1D pressureless gas dynamics systems in a strip
Abhrojyoti Sen
TL;DR
The paper develops an explicit boundary-potential framework to construct global measure-valued entropy solutions for the 1D pressureless gas dynamics system in a strip. By formulating initial and boundary potentials and minimizing them, it builds a pair $(m,u)$ with $dq=udm$ and $dE=\tfrac12 u^2 dm$, proving weak existence and entropy admissibility while capturing boundary mass accumulation as Dirac masses when classical boundary fulfillment fails. It also provides detailed Riemann-type examples that illustrate boundary concentration, interior curve concentration, and rarefaction–shock interactions, highlighting how boundary data govern singularity formation and propagation.

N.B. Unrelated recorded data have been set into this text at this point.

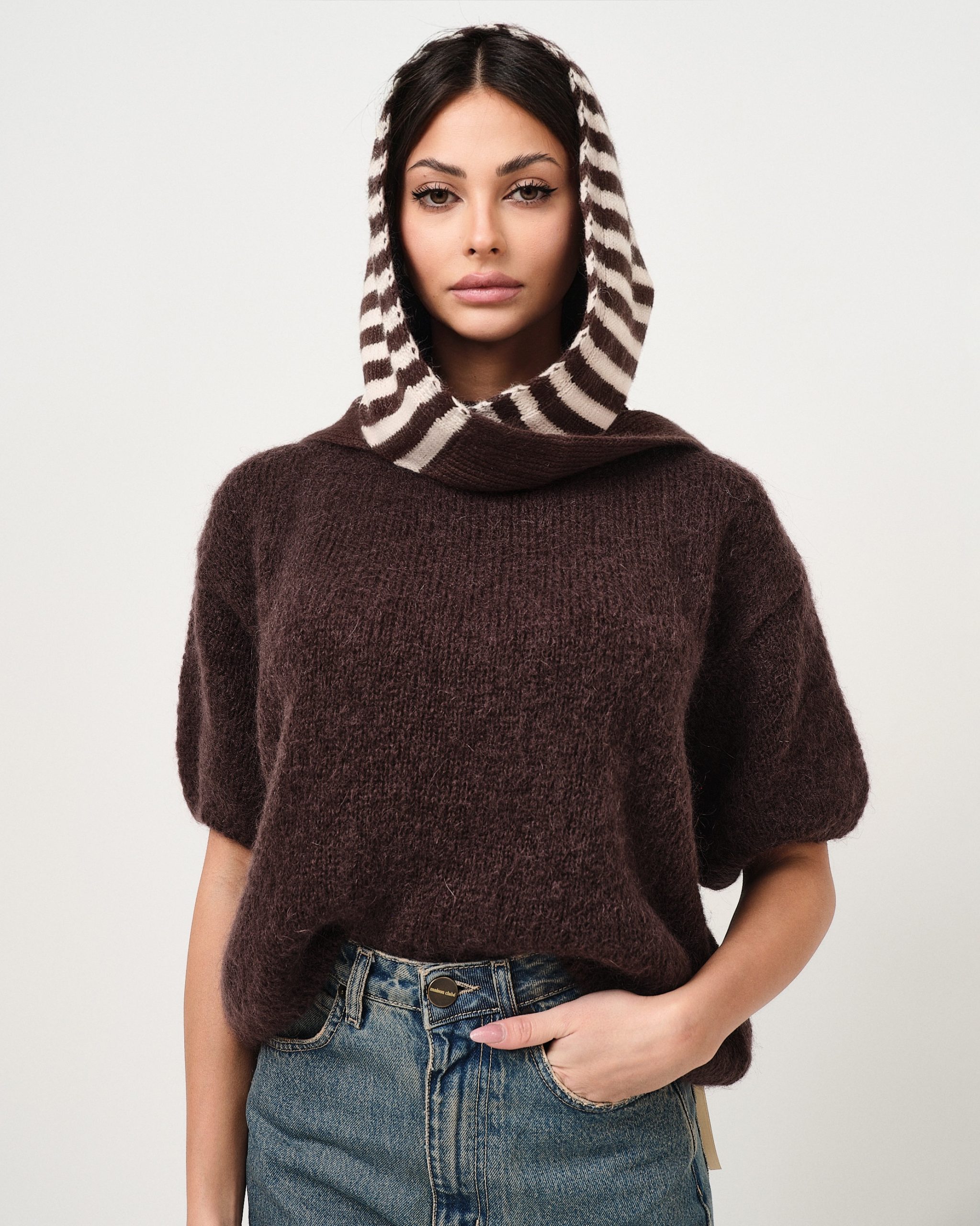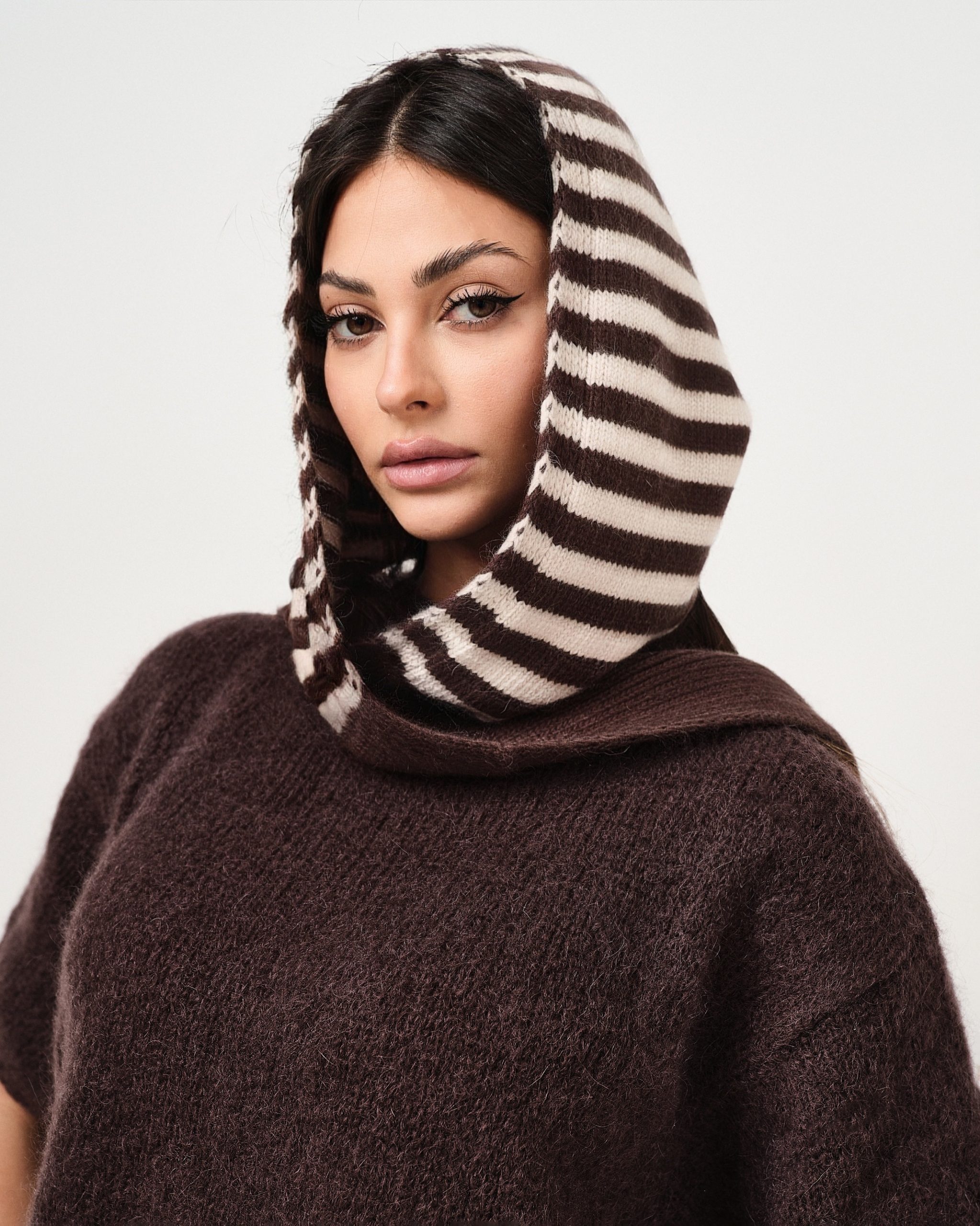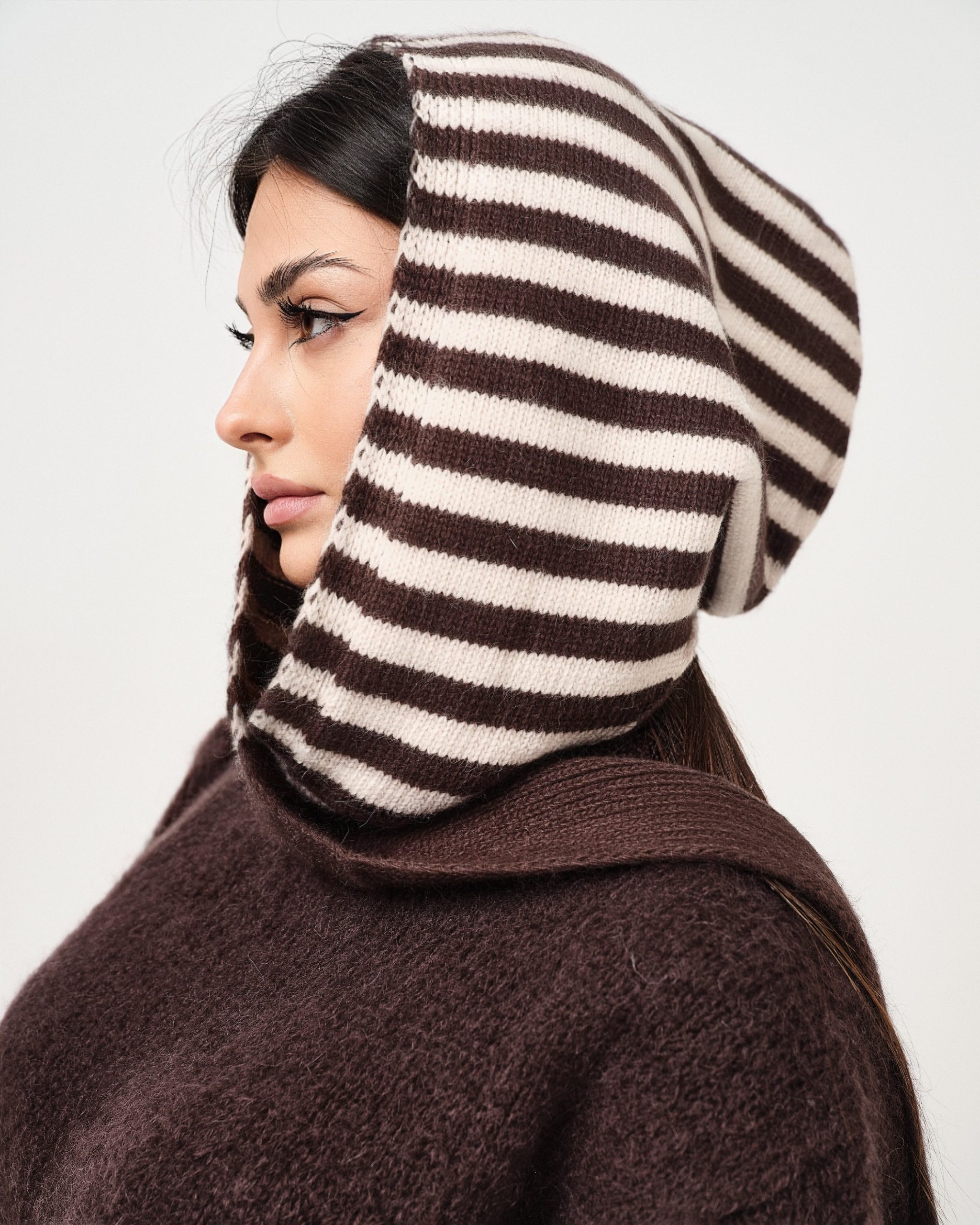 Balaclava in misto cashmere e lana con fantasia a righe e sciarpa incorporata.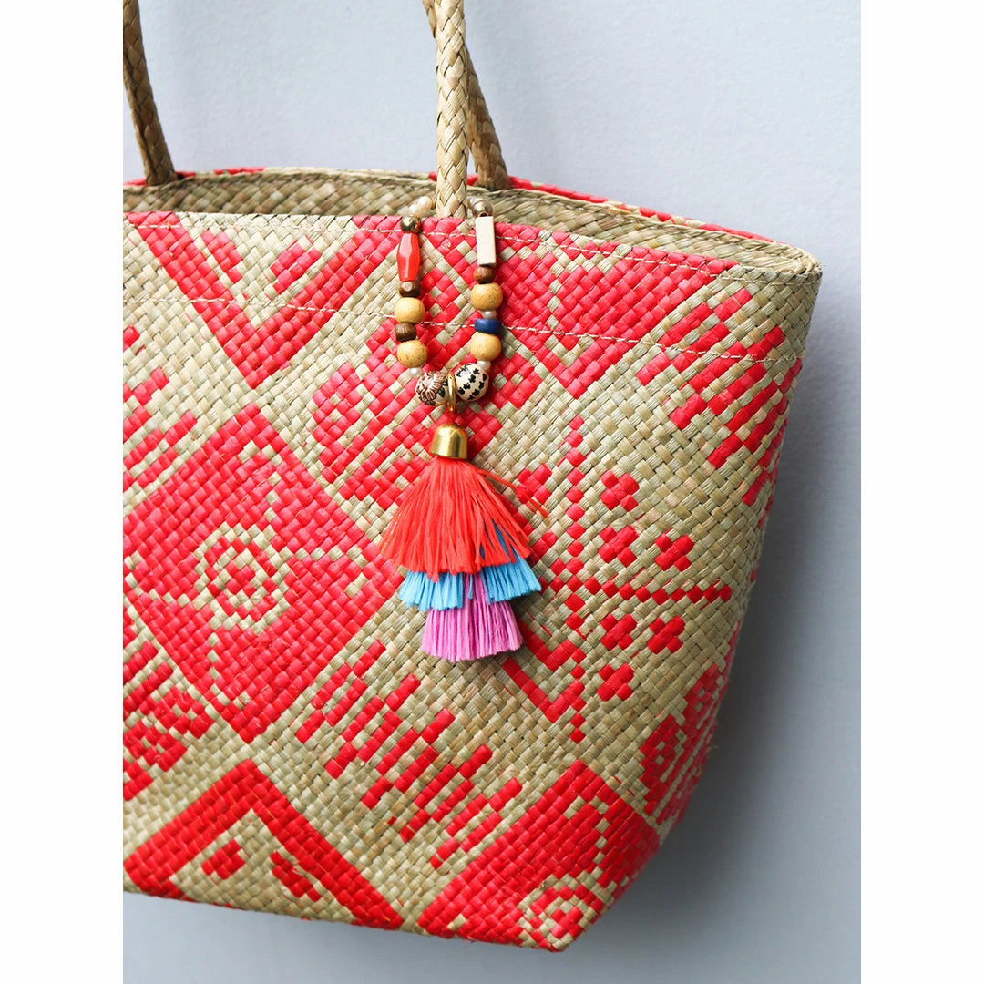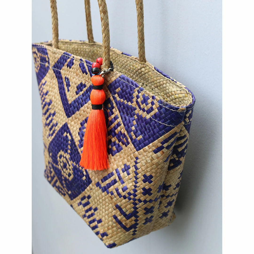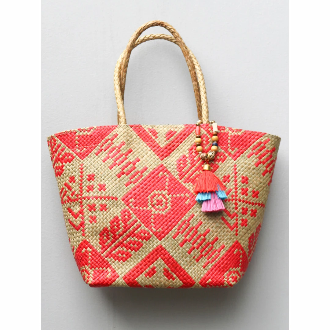 Maria Bag made of natural straw handwoven by mothers on Samar Island featuring Tribal motifs.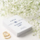 La fête nuptiale personnalise les cartes à jouer avec le thème nautique pour personnaliser pour chacun des membres de votre mariage. Le texte personnalisé inclut votre nom d'invité, votre rôle ou relation et, le nom de la mariée et du marié et leur date de mariage. Si vous voulez vous aventurer dans l'outil de conception, vous pouvez également changer la couleur de l'arrière - plan, le texte, la corde à voile et l'illustration de la barre. Design simple et élégant pour un mariage marin, côtier ou marin.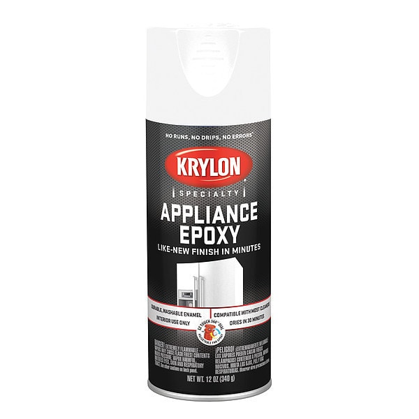 Appliance Epoxy, Opacity 100 Percent, Coating Application Appliance Epoxy, Color Family White, Compatible Surface Material Metal, Sheen Gloss, Finish Texture Smooth, Resin Type Acrylic Enamel, Color White, Container Size 12 oz, Coverage Area 18 sq ft, Base Type Solvent, Dry Time 30 min, Use Location Exterior, Interior, Sub Brand Appliance Epoxy, Container Type Aerosol Can, Dry Time Tack Free 30 min, Dry Time to Recoat 4 to 24 hr, Maximum Application Temperature 85 Degrees F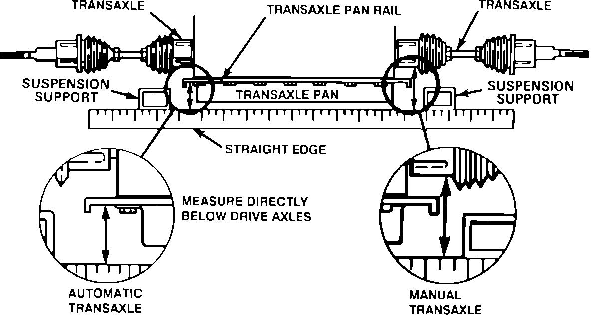 Side-to-side transaxle heights should be equal. If side-to-side differences are greater than 6 mm (1/4 inch), follow the engine shake-down procedure.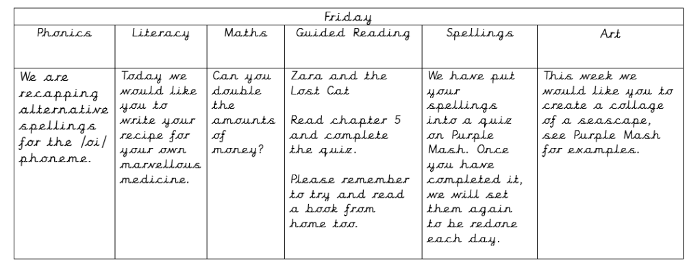 Have a super last day of home learning and we will see you on Monday! 🙂 🙂 🙂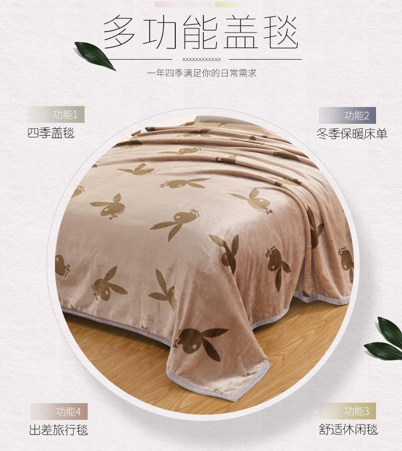 花花公子 专版加厚云毯-吉祥兔 180cm*200cm HYT01

The results illuminate boundary effects and singularity formation in measure-valued solutions for hyperbolic systems and point toward extensions to nonhomogeneous terms and discontinuous sources.
Abstract
We construct explicit measure-valued solutions to the one-dimensional pressureless gas dynamics system in a strip-like domain by introducing a new boundary potential. The constructed solutions satisfy an entropy condition, and depending on the boundary data and the behavior of the potentials, mass accumulation can occur at the boundaries. The approach relies on a systematic treatment of boundary potentials and their interactions with the initial data, providing a more precise understanding of the formation and propagation of singularities in measure-valued solutions.